(RECORDS TO USE):
◆ ◆ ◆ ◆ ◆
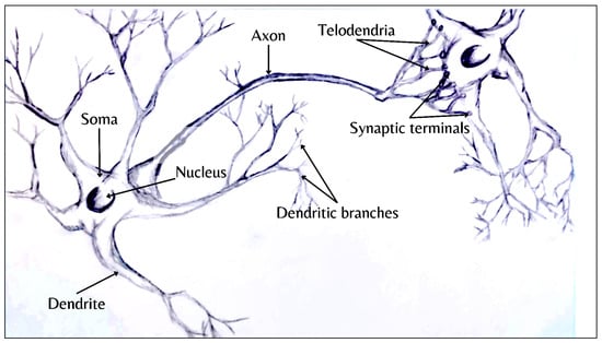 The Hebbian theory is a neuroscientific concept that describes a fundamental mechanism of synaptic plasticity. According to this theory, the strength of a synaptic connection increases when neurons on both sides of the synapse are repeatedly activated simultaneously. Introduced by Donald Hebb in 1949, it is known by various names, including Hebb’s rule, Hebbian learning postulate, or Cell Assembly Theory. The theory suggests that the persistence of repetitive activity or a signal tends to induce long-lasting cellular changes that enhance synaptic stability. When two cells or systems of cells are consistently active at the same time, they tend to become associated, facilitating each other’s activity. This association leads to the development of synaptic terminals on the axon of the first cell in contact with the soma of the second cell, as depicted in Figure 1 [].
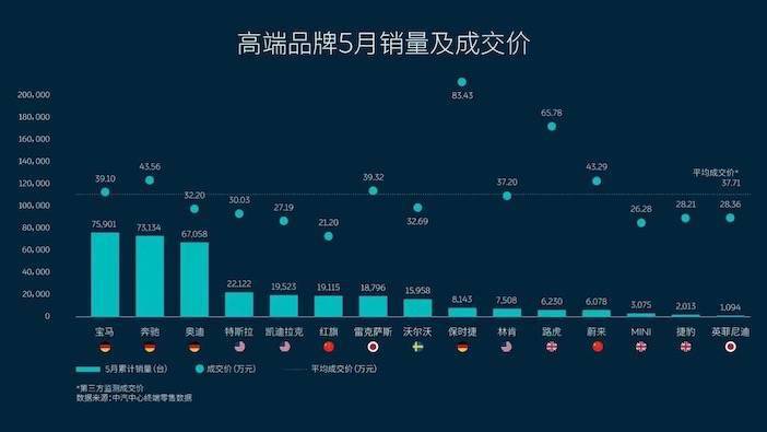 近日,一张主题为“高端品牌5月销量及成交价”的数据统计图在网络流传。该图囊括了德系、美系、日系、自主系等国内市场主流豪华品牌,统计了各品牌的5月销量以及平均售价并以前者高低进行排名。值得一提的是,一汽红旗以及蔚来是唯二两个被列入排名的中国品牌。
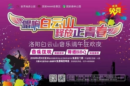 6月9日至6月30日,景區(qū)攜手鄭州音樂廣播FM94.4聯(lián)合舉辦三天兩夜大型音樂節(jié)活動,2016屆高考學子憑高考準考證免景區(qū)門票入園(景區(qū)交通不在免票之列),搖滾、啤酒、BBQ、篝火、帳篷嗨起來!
◆ ◆ ◆ ◆ ◆
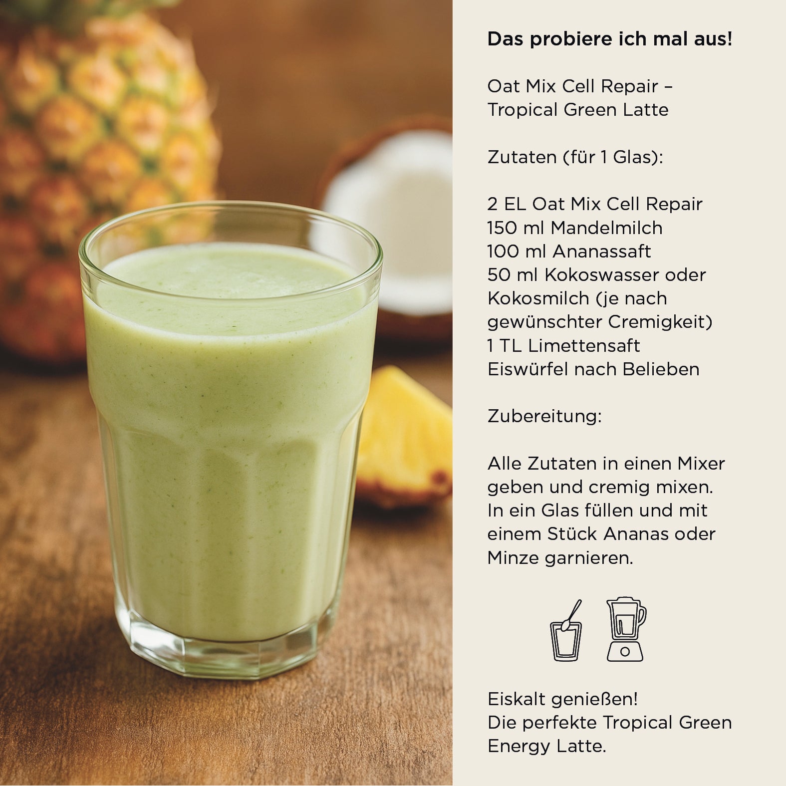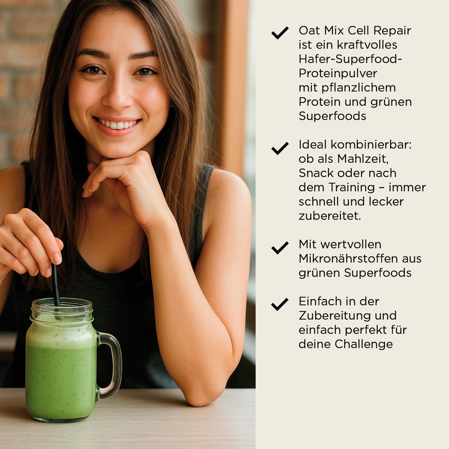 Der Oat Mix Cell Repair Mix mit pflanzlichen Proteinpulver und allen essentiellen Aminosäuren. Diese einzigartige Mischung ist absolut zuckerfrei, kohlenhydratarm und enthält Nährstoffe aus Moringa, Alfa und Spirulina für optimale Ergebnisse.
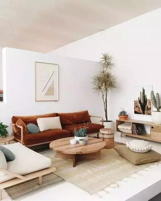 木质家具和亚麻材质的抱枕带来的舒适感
◆ ◆ ◆ ◆ ◆
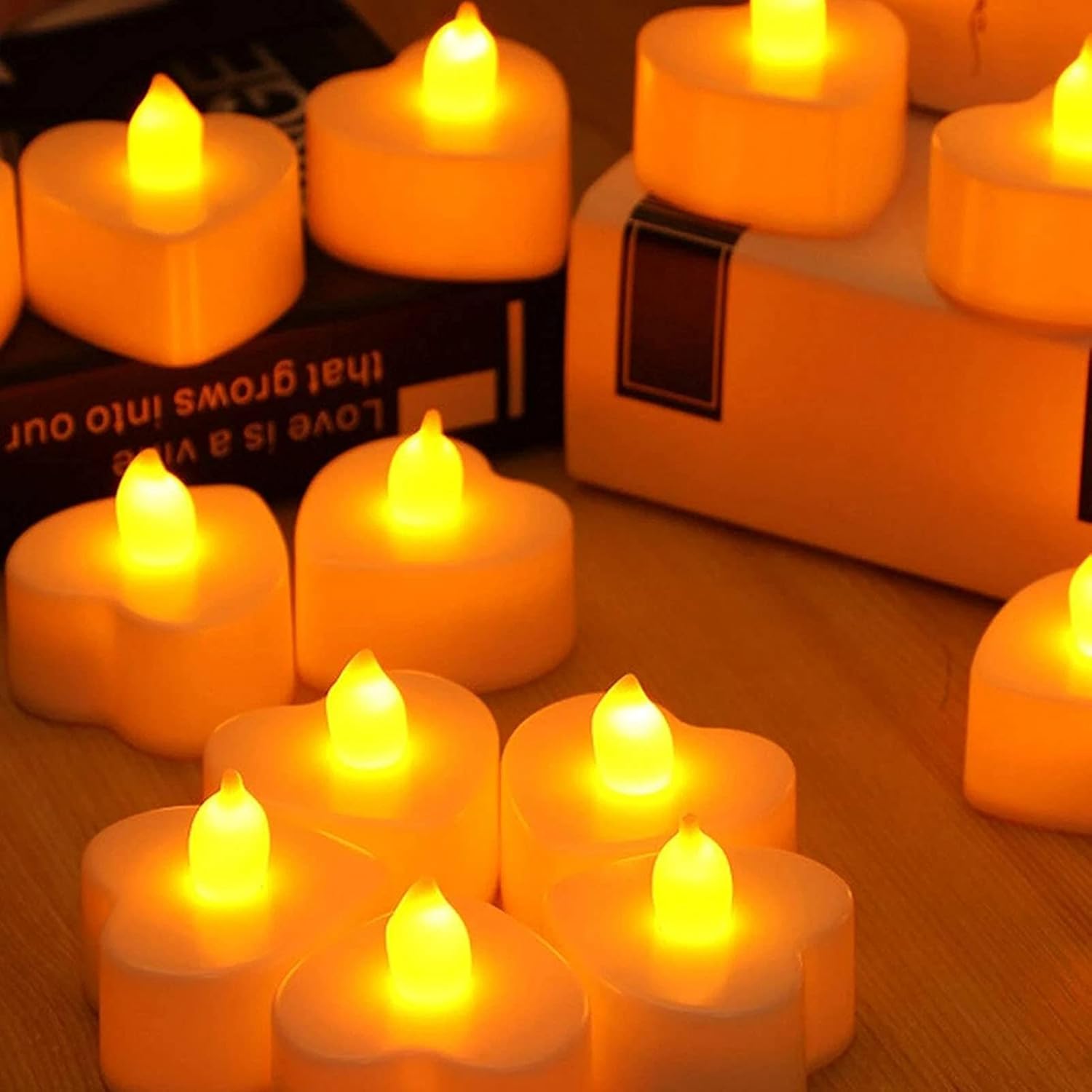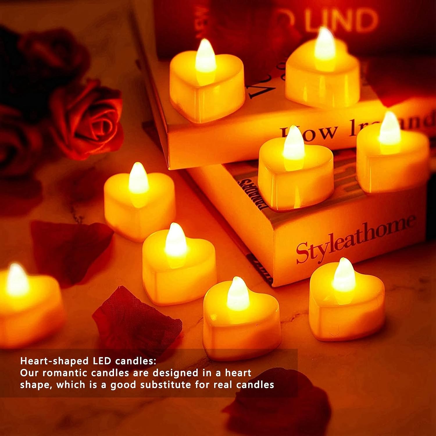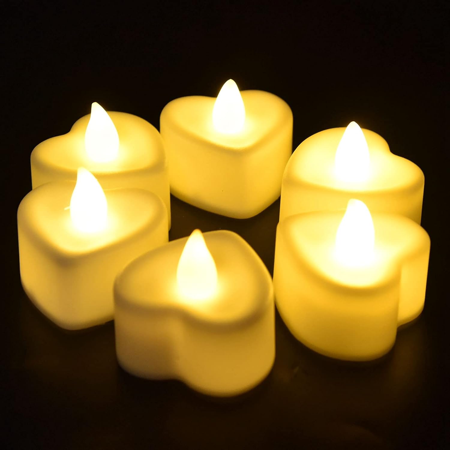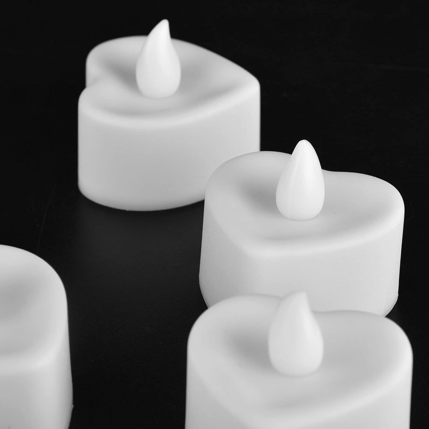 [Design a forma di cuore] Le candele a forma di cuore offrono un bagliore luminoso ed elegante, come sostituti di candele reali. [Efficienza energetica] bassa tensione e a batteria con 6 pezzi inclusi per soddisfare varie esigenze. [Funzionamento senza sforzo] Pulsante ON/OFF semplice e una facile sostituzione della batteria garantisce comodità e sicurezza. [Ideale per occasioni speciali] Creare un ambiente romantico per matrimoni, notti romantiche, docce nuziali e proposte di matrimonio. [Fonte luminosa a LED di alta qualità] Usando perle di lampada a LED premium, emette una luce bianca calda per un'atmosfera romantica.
◆ ◆ ◆ ◆ ◆
(PROBLEM TO SOLVE): In the records above, find the line with "The Hebbian theory" and the line with "6月9日至6月30日,景區(qū)攜手鄭"; please transcribe exactly those two lines and all lines between them, omitting any picture.

(ANSWER TO THIS EXERCISE):
 The Hebbian theory is a neuroscientific concept that describes a fundamental mechanism of synaptic plasticity. According to this theory, the strength of a synaptic connection increases when neurons on both sides of the synapse are repeatedly activated simultaneously. Introduced by Donald Hebb in 1949, it is known by various names, including Hebb’s rule, Hebbian learning postulate, or Cell Assembly Theory. The theory suggests that the persistence of repetitive activity or a signal tends to induce long-lasting cellular changes that enhance synaptic stability. When two cells or systems of cells are consistently active at the same time, they tend to become associated, facilitating each other’s activity. This association leads to the development of synaptic terminals on the axon of the first cell in contact with the soma of the second cell, as depicted in Figure 1 [].
 近日,一张主题为“高端品牌5月销量及成交价”的数据统计图在网络流传。该图囊括了德系、美系、日系、自主系等国内市场主流豪华品牌,统计了各品牌的5月销量以及平均售价并以前者高低进行排名。值得一提的是,一汽红旗以及蔚来是唯二两个被列入排名的中国品牌。
 6月9日至6月30日,景區(qū)攜手鄭州音樂廣播FM94.4聯(lián)合舉辦三天兩夜大型音樂節(jié)活動,2016屆高考學子憑高考準考證免景區(qū)門票入園(景區(qū)交通不在免票之列),搖滾、啤酒、BBQ、篝火、帳篷嗨起來!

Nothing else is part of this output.